Фыркнув, уже поднимаю ногу, чтобы сбежать, и почти ощущаю вкус свободы, когда меня вдруг дергают за рюкзак назад, и я с размаху приземляюсь на копчик. Черт. Это больно и стыдно. Лицо горит; как я ни пытаюсь сдержаться, но кривлюсь от удара; во рту металлический привкус – кажется, случайно прикусила щеку. Мои тетради оказываются разбросанными по полу, и по одной из них демонстративно топчется Книжник, а меня едва не трясет от злости. Я обязательно пожалею об этом, но…

– Нравится? – почти рычу Бессонову сквозь стиснутые зубы, поймав его темный взгляд, прожигающий мой лоб. Тот самый взгляд, который снится мне почти каждую ночь.

Я не жду ответа. Превозмогая боль, быстро сгребаю конспекты в охапку и, вскочив на ноги, бегу, бегу, бегу прочь…

Прихрамывать я начинаю лишь на улице, когда адреналин сходит на нет. Я перехожу на шаг, крепче прижимаю к себе тетради и в страхе оглядываюсь по сторонам. На остановку не иду, потому что туда заворачивает целая толпа моих однокурсников вместе с моей бывшей подругой Викой Медведевой, которая до сих пор пытается отмыться от общения со мной и вписаться в популярную компанию. Спойлер: безуспешно. Засунув наушники в уши, я перехожу дорогу и полтора часа «прогуливаюсь» до дома. Зато разгребла по плейлистам подборку новых песен – везде надо искать плюсы.

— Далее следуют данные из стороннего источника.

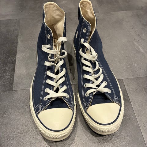 Dette er et par grå Converse All Star sneakers med høj top. Skoene har hvide snørebånd og en hvid gummisål med sorte striber. De er lavet af tekstilmateriale og har Converse All Star-logoet på bagsiden. Skoenes længde er 33 cm.

Весь позитивный настрой летит в пекло, когда я, сбросив кеды и устало передвигая ногами, захожу в гостиную, которая объединена у нас с кухней, и в очередной раз обнаруживаю отца спящим на диване. У его ног стоит початая бутылка коньяка, на полу разбросаны зачеркнутые-перечеркнутые листы рукописи, а из колонки тихо доносится его любимый Брамс, усиливающий чувство унылости и безысходности. Папа вот уже которую неделю пытается поймать вдохновение, заменив компьютер старой доброй бумагой. Он будто не понимает, что издательству не нужны его книги. Больше не нужны. Не после всего.

– Лиза? – сквозь полудрему произносит он, когда я, вздохнув, укрываю его пледом. Зовет – и снова погружается в глубокий сон с мечтательной улыбкой на лице.

Пусть хотя бы там ему будет хорошо.

– Нет, пап. Мама давно ушла от нас, – едва сдерживая слезы, шепчу я и сглатываю подступивший к горлу ком.

Я поднимаюсь к себе, думая о том, что все изменилось с тех пор, как папа убил своего главного героя, благодаря которому двадцать лет оставался одним из самых востребованных авторов детективного жанра в стране. Михаил Ланской создал следователя по кличке Барин примерно за год до моего рождения и с тех пор больше не вспоминал о своей специальности инженера-строителя. Папа убил Барина, потому что устал от него, как он сам сказал. Правда, он не подумал о том, что вместе с героем может уйти и успех.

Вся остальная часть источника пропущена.